I been having trouble with the Chambers' "One Voice" Program.
A week ago Thursday, the Chamber submitted
Item 8a to our City Council.
For what wasn't exactly clear to me, but the Council tabled it indefinitely by a 6-2 vote with Christiansen absent and Councilors Patrick and Gomez voting NO. The immediately preceding Item 8a was a vote for '
Approval of the City of Tulsa’s proposed Legislative Agenda for 2009', which passed 8-0 and contains 9 issues of mostly local interest but with some Federal and State implications.
Last Thursday's Council Agenda had two items related to the Chambers' 'One Voice Program' again listed, Items 8a & 8b.
8a "Reconsideration of Approval the Tulsa Chamber’s 'One Voice' Legislative Program. 08-2049-4"
8b "Approval of the Tulsa Chamber’s 'One Voice' Legislative Program."
Here's a link to the entire
'One Voice' Legislative Program PDF File which lists 10 Federal, 10 State and 3 Local issues the Chamber intends to seek. There's many issues addressed in this Program, which amounts to a Political Agenda for the Chamber's operations intent.
One item relating to immigration issues, and directly counter to our popular HB 1804 to which the Chamber is formally opposed and has joined suit to have it stopped, is the reason Councilors tabled the thing the first time.
As I read this entire document, I started to wonder why the Chamber even sought the Council's approval in the first place.
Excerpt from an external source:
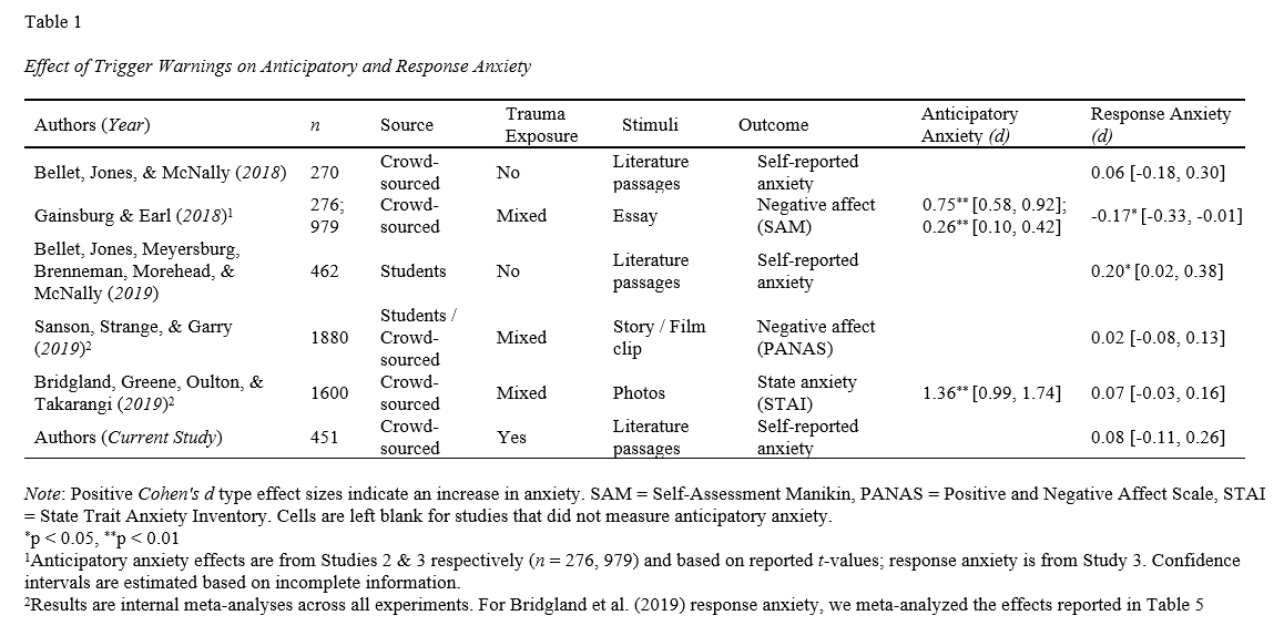 Our new preregistered paper on trigger warnings in trauma survivors was just released as a preprint! We find that no matter how you slice it, trigger warnings just don't help. osf.io/axn6z (1/8)

It is, after all, the Chambers' political agenda, not the City's, and includes segregated issues at the Federal, State and Local level.
Then it dawned on me. The Chamber is using, or plans to use, this Resolution as wholesale, Council-authorized support of not only its' own agenda, but to authorize the spending of City provided funding to assist in achieving them. IOW, this is how the Chamber intends to spend all the Hotel Tax we provide the Chamber.
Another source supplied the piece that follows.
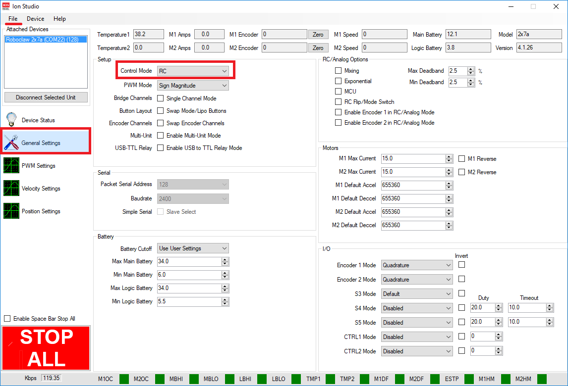 Connect with ION Studio then on the General Settings page, set Control Mode = RC

Now it makes sense. They need the City to sign off on what they will be spending our money doing.
Doesn't that seem more than a bit bass-akwards?
After all, why would we want to authorize them to spend our money fighting against something we generally support?
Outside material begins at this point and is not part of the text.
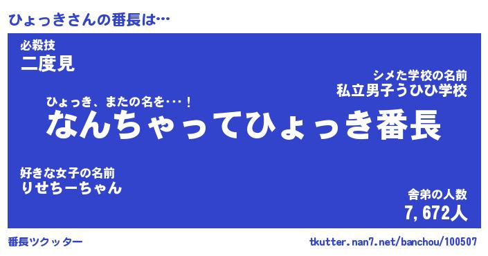 | ピコ太郎風あだ名 | 『ヒコ十郎』『ピヒ三郎』『ヒョ六郎』 |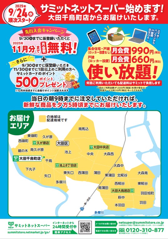サミットストア大田千鳥町店は、2025年9月24日(水)より、「サミットネットスーパー」を開始します。

Seems to me our Council and Mayor should get together and determine the City's Legislative Agenda (
as they apparently have in the prior week) and ask the Chamber, via their Board and by their vote, if they're willing to adopt it, and spend our money doing the associated work, not the other way around.
Isn't the Chamber doing this effectively handing them a bunch of money then asking what they intend to spend it on? We, the City, should be telling the Chamber how we expect them to spend our money.
If there's some particular policy they can't embrace, then they can just do nothing, not spend our money, or do something else with their own money, and/or not take our money in the first place.
My gut instincts were correct, it is odd the way it's being done.
It's also flat out wrong. Let's start with the Chamber adopting the City of Tulsa's Legislative Agenda and let them spend our money helping to achieve those things. 'One Voice' would work fine, so long as it's ours. Besides that, the 'Chamber' is a regional organization, not specific to the City of Tulsa, remember? There is absolutely no reason the City Council should be adopting their agenda, especially those parts where there is disagreement.
I haven't heard yet what happened last Thursday, and the 'Minutes' portion of the form is blank at this point, but hope the thing remains tabled so it can be discussed further.